Laryngaaltheorie
Uit Wikipedia, de vrije encyclopedia
De laryngaaltheorie is een algemeen aanvaarde theorie in de historische taalkunde die het bestaan suggereert van een set van drie (soms meer) medeklinkers die ‘laryngalen’ worden genoemd. Deze laryngalen maken deel uit van reconstructies van de Proto-Indo-Europese taal (PIE). De medeklinkers zelf zijn in alle moderne Indo-Europese talen verdwenen, maar er wordt vermoed dat sommige van de laryngalen nog bestonden in het Hettitisch en andere Anatolische talen. De laryngalen worden zo genoemd omdat de klanken volgens vroegere taalkundigen (Möller[1] en Cuny[2]) een faryngaal, epiglottaal of glottaal articulatiepunt hadden, waarbij de uitspraak met het samentrekken van de larynx geschiedde.

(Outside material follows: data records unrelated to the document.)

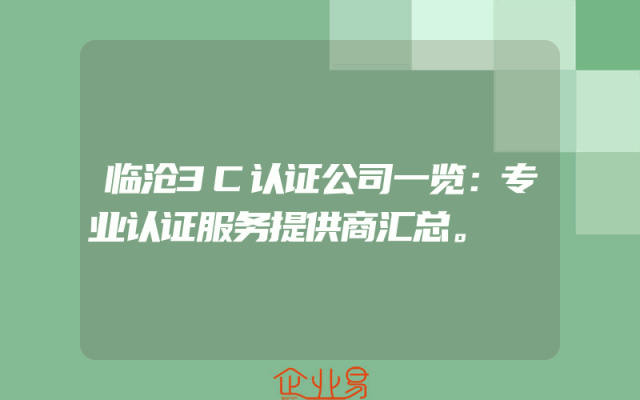 - 临沧3C认证公司一览:专业认证服务提供商汇总。
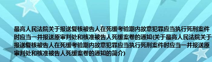 本文关于最高人民法院关于报送复核被告人在死缓考验期内故意犯罪应当执行死刑案件时应当一并报送原审判处和核准被告人死缓案卷的通知的简介就讲解完毕,希望对大家有所帮助。
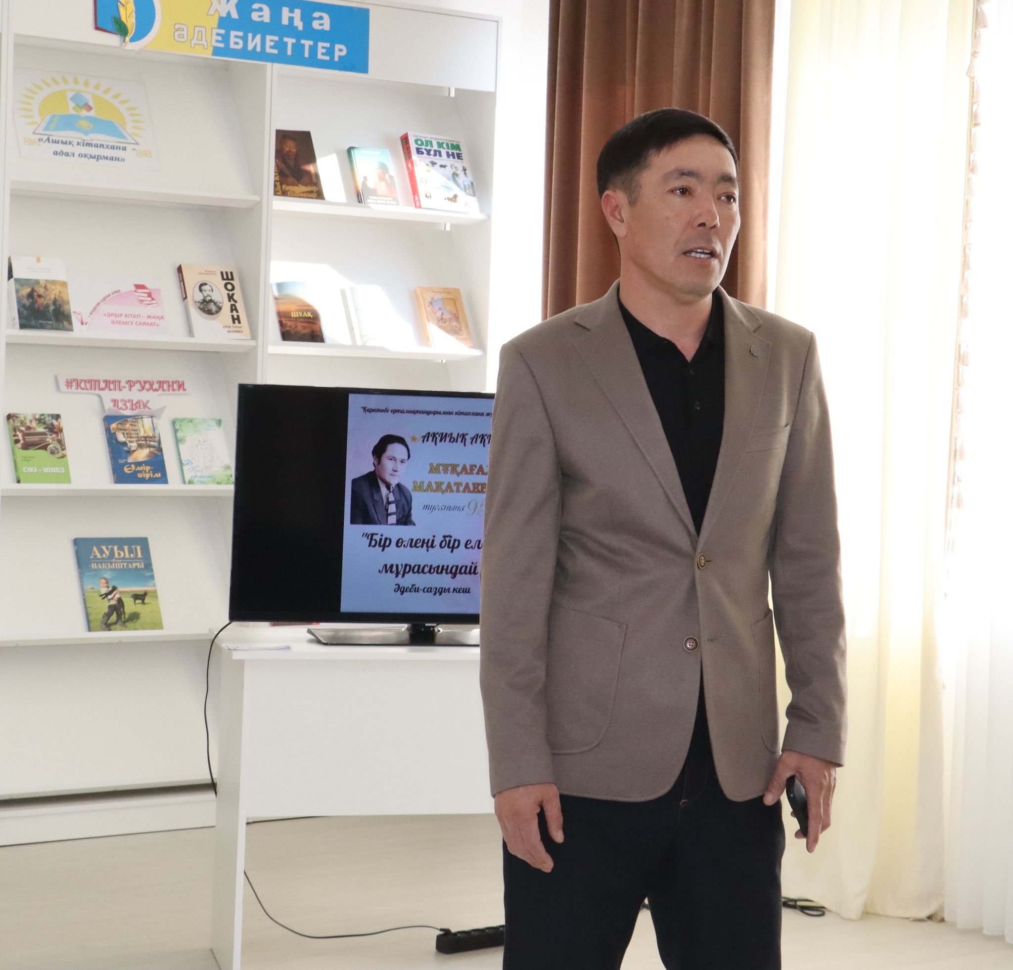 Ақынға арналған әдеби сазды кешті аудандық орталықтандырылған кітапхана жүйесінің окырмандарды қамту бөлімінің кітапханашысы Айнагүл Құрманова жүргізді.
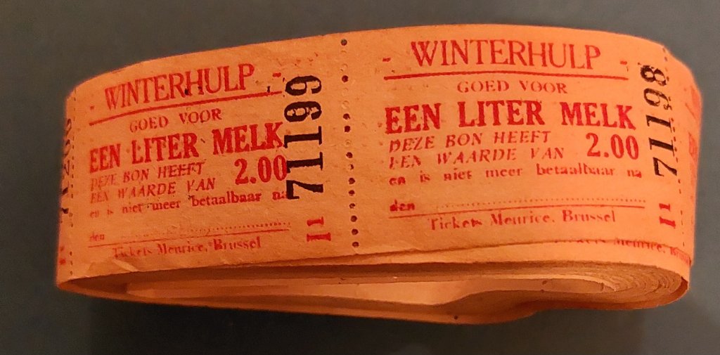 Een rol Winterhulp voedselbonnen voor één liter melk.
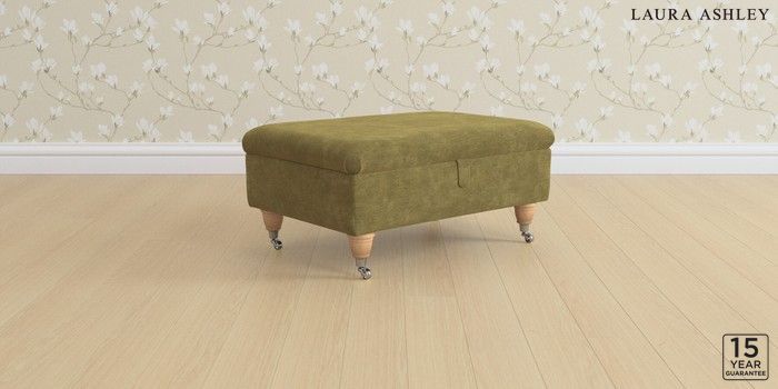 6.12.1 Buy Kingston by Laura Ashley Storage Footstool Alwyn Velvet Olive Green Low Chrome Castor - Light Oak from the Laura Ashley online shop Click here to use our website with more accessibility support, for example screen readers
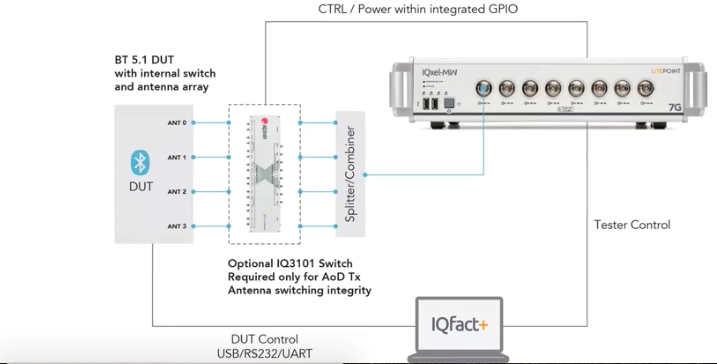 圖5給出了 AoA 和 AoD 發射器和接收器測試的完整測試設置。 LitePoint 的 IQxel-MW 7G 支援新的定向測試案例。 此外,LitePoint還提供 IQfact+ 套件,可為領先的藍牙 5.1 晶片組提供完全自動化的 DUT 和測試儀控制。
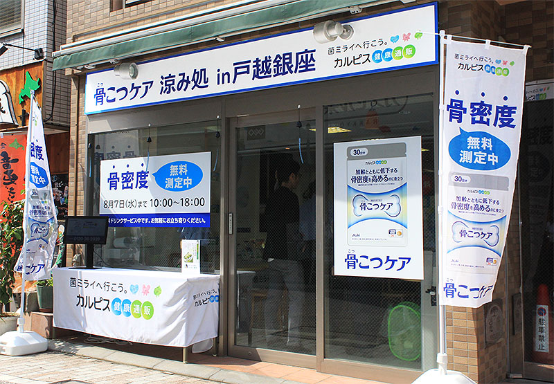ここ「骨こつケア 涼み処 in 戸越銀座」(8/1~8/7 @東京 戸越銀座商店街)は、無料で骨密度測定を体験でき、骨の健康や骨密度への意識を高められる場。
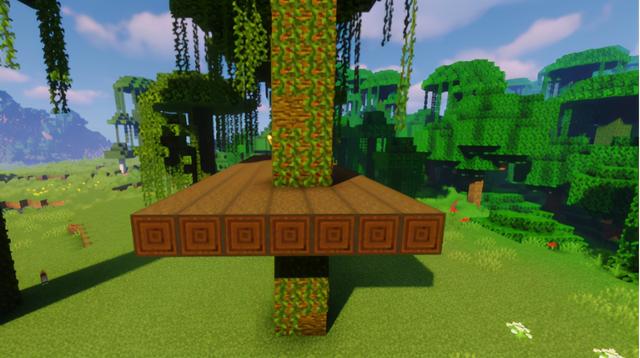 根据下图提示位置,用去皮深色橡木原木铺设树屋地板,地板宽度为7格
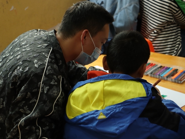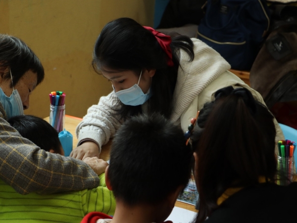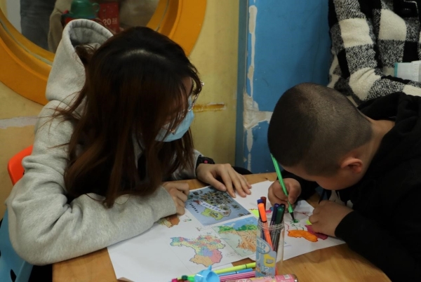 活动开始,老员工志愿者与特殊儿童在心理活动教室里进行热情交流,并为孩子们送上了水彩笔。鼓励他们勇于用画笔表现自己的内心世界。作为地理师范专业的老员工开始教导孩子们进行中国地图的绘制并用水彩笔进行上色。孩子们在志愿者的帮助下,逐渐画出了中国的轮廓,并对祖国的版图有了更进一步的认识。活动结尾,志愿者老员工带着孩子们一同合唱国歌。老员工志愿者带队队长何曜黄说:“此次志愿活动以结合孩子的身心发展规律与所学专业特色为主,表达了我们师范生对孩子们的关怀与爱护,同时表达了老员工志愿者对党和祖国的无限热爱与美好祝福。”活动在孩子们的欢声笑语中落下帷幕。
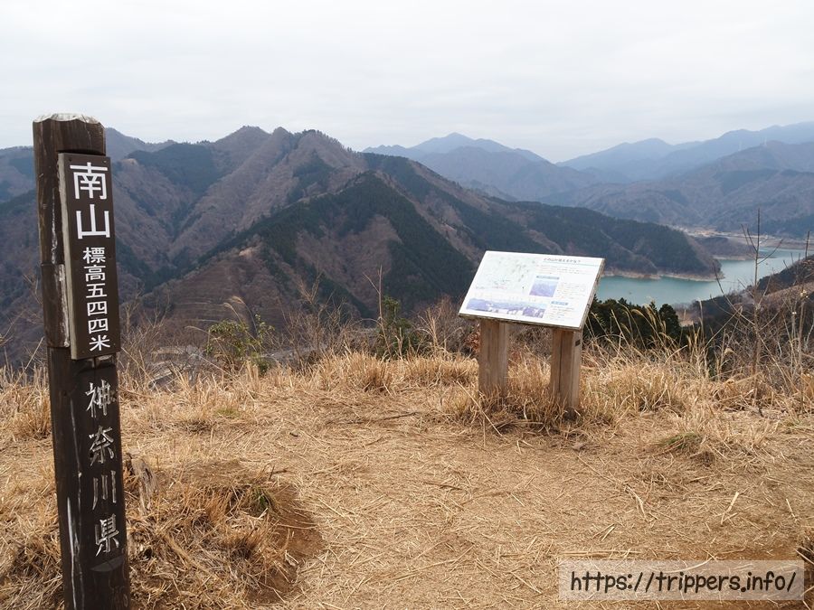 標高544mの南山の山頂へ到着し、軽食タイムにします。左側に見える山は仏果山と高取山です。そっちもヤマビルの聖地ですね。宮ヶ瀬湖の眺めは天気が悪くても抜群です。丹沢山塊を眺めると、どうやら積雪があるようで、塔ノ岳では霧氷が楽しめていたと思います。

Het bewijs voor hun bestaan is voornamelijk indirect, en is meestal alleen af te leiden van het effect dat ze hebben gehad op naburige klinkers. De theorie geeft echter wel op elegante wijze een verklaring voor de klinkerinventaris van het Proto-Indo-Europees, die vóór het postuleren van laryngalen onanalyseerbaar bleek. Voorbeelden hiervan waren ‘onafhankelijke’ sjwa’s (zoals in *pəter- ‘vader’); de hypothese dat de PIE sjwa *ə in werkelijkheid een medeklinker en niet een klinker was bood een elegante verklaring voor een aantal uitzonderingen op de wet van Brugmann in de Indo-Arische talen.